SET @save_binlog_transaction_dependency_tracking= @@global.binlog_transaction_dependency_tracking;
SET @@global.binlog_transaction_dependency_tracking = COMMIT_ORDER;

# Actual Test , do some DMLs along with flush privileges
--let $i= 0
while ($i < 10)
{
--eval CREATE TABLE t$i(i int);
--inc $i
}
--let $i= 0
while ($i < 10)
{
flush privileges;
--eval insert into t$i values (1);
--eval update t$i set i=$i
--eval DROP TABLE t$i
flush privileges;
--inc $i
}

--source include/rpl_connection_master1.inc
--let $SERVER_UUID      = `SELECT @@global.server_uuid`
--source include/sync_slave_sql_with_master.inc

# After replica synced, purge binary logs from the primary.
--source include/rpl_connection_master1.inc
flush binary logs;
--let $binlog_file= query_get_value(SHOW MASTER STATUS, File, 1)
--replace_result $binlog_file BINLOG_FILE
--eval PURGE BINARY LOGS TO '$binlog_file'

# Restart the server to see there is a gap (but primary already purged, so start slave will fail due to bug)

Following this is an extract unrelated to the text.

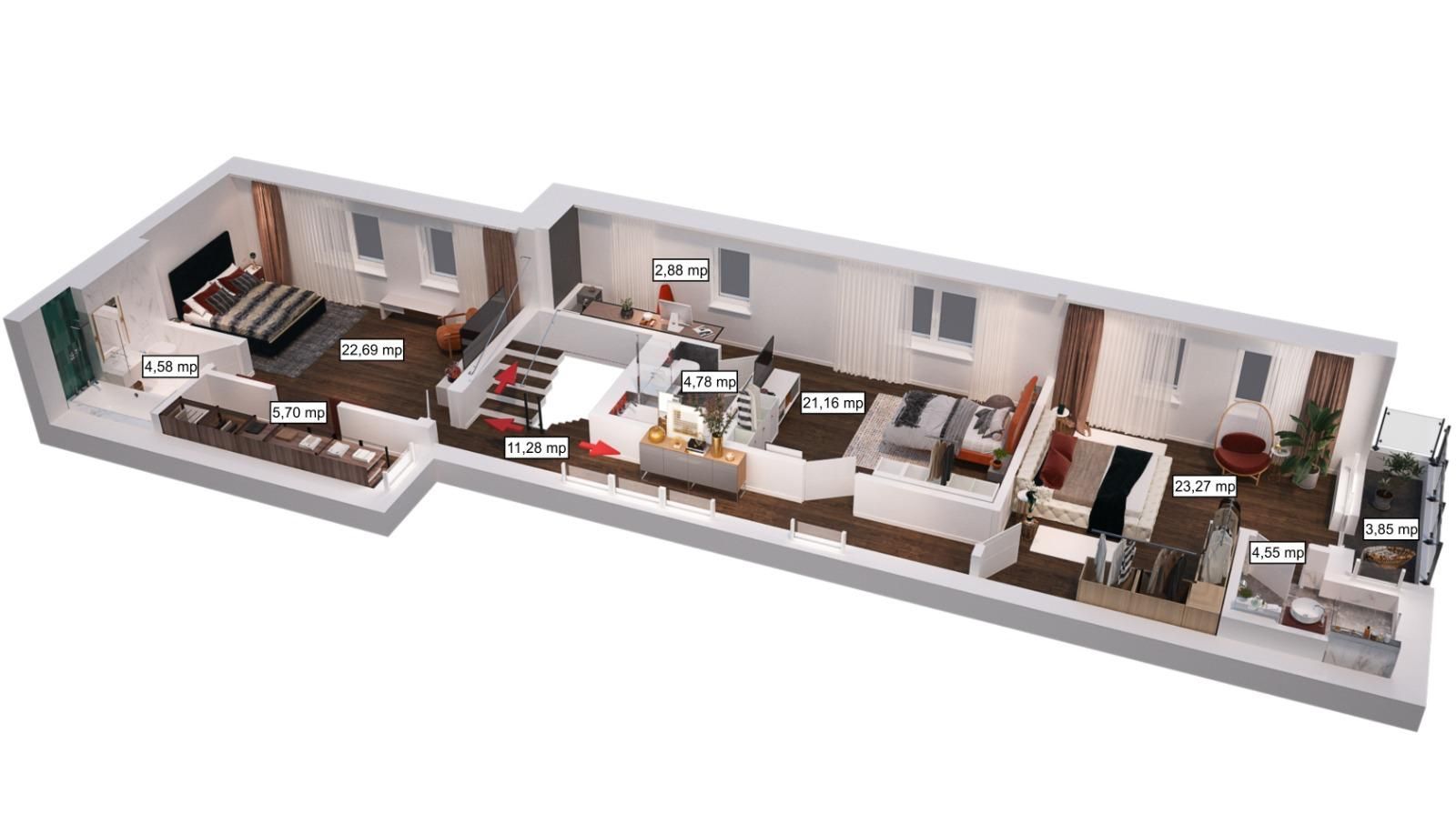 Proiectul se remarcă prin designul contemporan, compartimentarea eficientă și calitatea excepțională a finisajelor, fiind conceput pentru a oferi confort, intimitate și un stil de viață premium.

--source include/rpl_connection_slave.inc 
# Kill the slave server
--source include/kill_mysqld.inc
# Restart the slave server
--let $rpl_server_number= 2
--source include/rpl_start_server.inc
# This will fail
--source include/start_slave.inc

--echo # Cleanup
--echo
--source include/rpl_connection_master1.inc
SET GLOBAL binlog_transaction_dependency_tracking=@save_binlog_transaction_dependency_tracking;

--source include/rpl_connection_slave.inc
--source include/stop_slave.inc
--eval SET GLOBAL replica_parallel_type=$save_replica_parallel_type;
--disable_warnings
--eval SET GLOBAL replica_parallel_workers=$save_replica_parallel_workers;
--enable_warnings
--eval SET GLOBAL replica_preserve_commit_order=$save_replica_preserve_commit_order;
--source include/start_slave.inc

--let $rpl_skip_sync = 1
--source include/rpl_end.inc
===================

Suggested fix:

Root cause: 
FLUSH PRIVILEGES is adding same gtid to flush gtid list twice which is causing
  
"The transaction owned GTID is already in the gtid_executed table, which is caused by an explicit modifying from user client" (which is getting ignored but flush gtid list can contain many other gtids in the set if there are parallel applier threads)

Eg: 
gtid_executed table contains 1 1 
and if we are trying to insert 1 5 => this gets error and the entire 1 to 5 is ignored and will not be inserted into gtid_executed table, hence causing the gap.

We need to make sure:
1) There should not be any gaps 
2) Since replica already executed those transactions, it should not request for those transactions again.

Suggested fix:
1) Avoid FLUSH privileges to add the same gtid to flush gtid list twice.
2) Also test if there are any other commands (other than FLUSH privileges) which can cause such issues.

Dear Venkat,

Thank you for the report and feedback.

regards,
Umesh

Using the test case above, this is still reproduceable up to 8.0.41.